PROBLEM TO SOLVE:
Word for word and without images, reproduce the listing that follows.

DATA EXTRACT:
--

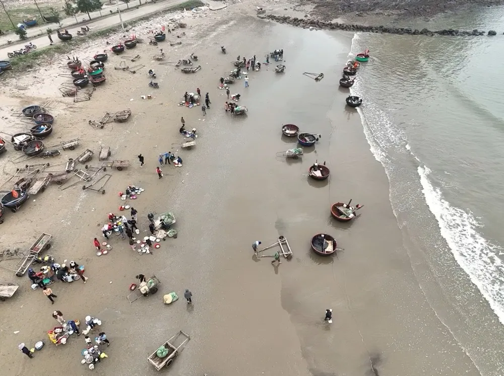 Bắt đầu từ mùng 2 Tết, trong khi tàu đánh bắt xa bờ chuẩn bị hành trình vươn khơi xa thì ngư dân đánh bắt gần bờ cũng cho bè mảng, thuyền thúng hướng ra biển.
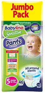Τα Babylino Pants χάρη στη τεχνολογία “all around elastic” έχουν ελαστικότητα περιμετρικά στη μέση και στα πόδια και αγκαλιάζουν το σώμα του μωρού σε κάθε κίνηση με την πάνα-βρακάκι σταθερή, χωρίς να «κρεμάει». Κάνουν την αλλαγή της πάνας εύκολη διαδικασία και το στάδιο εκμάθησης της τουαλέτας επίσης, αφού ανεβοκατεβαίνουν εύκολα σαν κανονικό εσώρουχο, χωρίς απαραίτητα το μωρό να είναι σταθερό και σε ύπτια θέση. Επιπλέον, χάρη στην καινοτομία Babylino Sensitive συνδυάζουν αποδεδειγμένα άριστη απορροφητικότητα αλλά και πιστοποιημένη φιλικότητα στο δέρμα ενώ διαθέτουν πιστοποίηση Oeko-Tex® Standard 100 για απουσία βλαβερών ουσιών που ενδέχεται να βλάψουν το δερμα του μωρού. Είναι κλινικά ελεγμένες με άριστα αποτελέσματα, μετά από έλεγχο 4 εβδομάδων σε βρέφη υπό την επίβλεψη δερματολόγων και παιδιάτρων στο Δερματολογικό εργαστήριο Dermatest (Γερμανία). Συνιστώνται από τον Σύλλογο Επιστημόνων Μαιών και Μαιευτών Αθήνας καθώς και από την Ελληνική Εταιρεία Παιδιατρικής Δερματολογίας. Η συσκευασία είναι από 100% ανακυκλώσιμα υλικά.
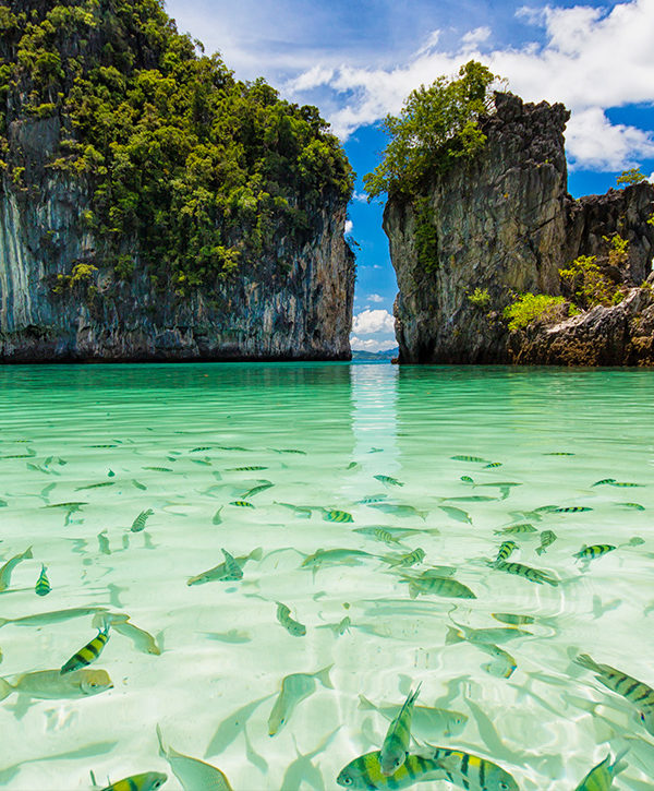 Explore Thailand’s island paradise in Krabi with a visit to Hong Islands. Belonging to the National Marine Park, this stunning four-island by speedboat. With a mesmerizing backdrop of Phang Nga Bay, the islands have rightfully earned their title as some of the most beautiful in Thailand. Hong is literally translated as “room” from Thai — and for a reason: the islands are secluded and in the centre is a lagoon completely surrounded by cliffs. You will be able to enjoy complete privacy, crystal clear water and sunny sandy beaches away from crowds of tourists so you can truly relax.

--

EXERCISE ANSWER:
 Bắt đầu từ mùng 2 Tết, trong khi tàu đánh bắt xa bờ chuẩn bị hành trình vươn khơi xa thì ngư dân đánh bắt gần bờ cũng cho bè mảng, thuyền thúng hướng ra biển.
Τα Babylino Pants χάρη στη τεχνολογία “all around elastic” έχουν ελαστικότητα περιμετρικά στη μέση και στα πόδια και αγκαλιάζουν το σώμα του μωρού σε κάθε κίνηση με την πάνα-βρακάκι σταθερή, χωρίς να «κρεμάει». Κάνουν την αλλαγή της πάνας εύκολη διαδικασία και το στάδιο εκμάθησης της τουαλέτας επίσης, αφού ανεβοκατεβαίνουν εύκολα σαν κανονικό εσώρουχο, χωρίς απαραίτητα το μωρό να είναι σταθερό και σε ύπτια θέση. Επιπλέον, χάρη στην καινοτομία Babylino Sensitive συνδυάζουν αποδεδειγμένα άριστη απορροφητικότητα αλλά και πιστοποιημένη φιλικότητα στο δέρμα ενώ διαθέτουν πιστοποίηση Oeko-Tex® Standard 100 για απουσία βλαβερών ουσιών που ενδέχεται να βλάψουν το δερμα του μωρού. Είναι κλινικά ελεγμένες με άριστα αποτελέσματα, μετά από έλεγχο 4 εβδομάδων σε βρέφη υπό την επίβλεψη δερματολόγων και παιδιάτρων στο Δερματολογικό εργαστήριο Dermatest (Γερμανία). Συνιστώνται από τον Σύλλογο Επιστημόνων Μαιών και Μαιευτών Αθήνας καθώς και από την Ελληνική Εταιρεία Παιδιατρικής Δερματολογίας. Η συσκευασία είναι από 100% ανακυκλώσιμα υλικά.
 Explore Thailand’s island paradise in Krabi with a visit to Hong Islands. Belonging to the National Marine Park, this stunning four-island by speedboat. With a mesmerizing backdrop of Phang Nga Bay, the islands have rightfully earned their title as some of the most beautiful in Thailand. Hong is literally translated as “room” from Thai — and for a reason: the islands are secluded and in the centre is a lagoon completely surrounded by cliffs. You will be able to enjoy complete privacy, crystal clear water and sunny sandy beaches away from crowds of tourists so you can truly relax.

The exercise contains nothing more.